ここまで書いて、以前読んで心のどこかにひっかかったままの『乙女の密告』(赤染晶子)のことを思い出した。あの小説のラストで、乙女たちが「アンネ・フランク」という名前を呼ぶのは、彼女が名前を奪われてしまったことへの糾弾だったんだな、と。そんなことに今頃気づく私はアホですが(汗)あのレビューで、私は現代に生きる彼女たちの幼児性と、アンネ・フランクという存在を結び付けていいのか、というようなことを書いた。でも、それは今になって間違っていたなあと思う。

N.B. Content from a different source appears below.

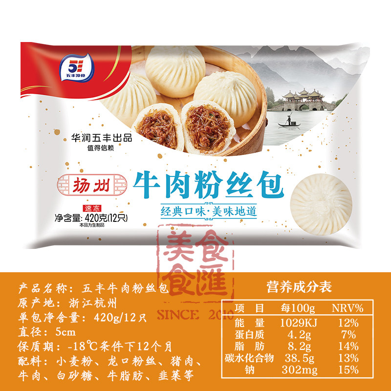📚 五丰冷食牛肉粉丝包3包手工面点冷冻蒸笼半成品酒店商用早餐速食
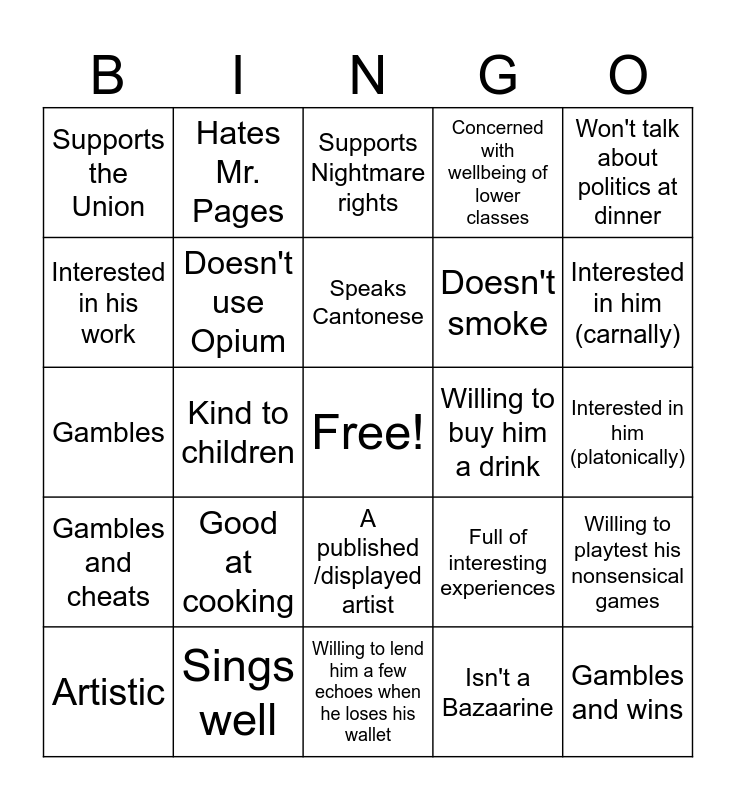 This bingo card has a free space and 24 words: Good at cooking, Sings well, Speaks Cantonese, Artistic, Won't talk about politics at dinner, Supports the Union, Interested in his work, Hates Mr. Pages, Willing to buy him a drink, A published /displayed artist, Doesn't smoke, Gambles, Full of interesting experiences, Willing to playtest his nonsensical games, Doesn't use Opium, Isn't a Bazaarine, Interested in him (platonically), Supports Nightmare rights, Interested in him (carnally), Kind to children, Gambles and wins, Gambles and cheats, Concerned with wellbeing of lower classes and Willing to lend him a few echoes when he loses his wallet.

中国との尖閣諸島をめぐっての争いや現大阪市長の言動を見るにつけ、大きく鬱積された不満がいかに幼児性と結びつきやすいかを実感するからだ。ヒロシマも、シベリアも他人事でもなく、遠い歴史上のことでもない。当たり前に、私たちのすぐそばに転がっている、それこそひとりひとりの心の中にも潜んでいることなのだ。この絵本の作者であるアーサー・ビナードさんは、「ピカドン」という言葉に生活者の実感を読みとられた。それは、生身の体で感じた恐怖だ。頭で、机上の理論をこねまわしているだけでは、私たちはかえって自らの幼児性に振り回されてしまうことになるんじゃないか。自らが体で感じること、そこをしっかり踏まえないと、また私たちは怖ろしいところに踏み込んでしまうのではないかと、自分の弱さを振り返るにつけ、そう思う。


・・・・・長い文章になってしまった。重く長い文章に最後までお付き合いいただいた方、ありがとうございました。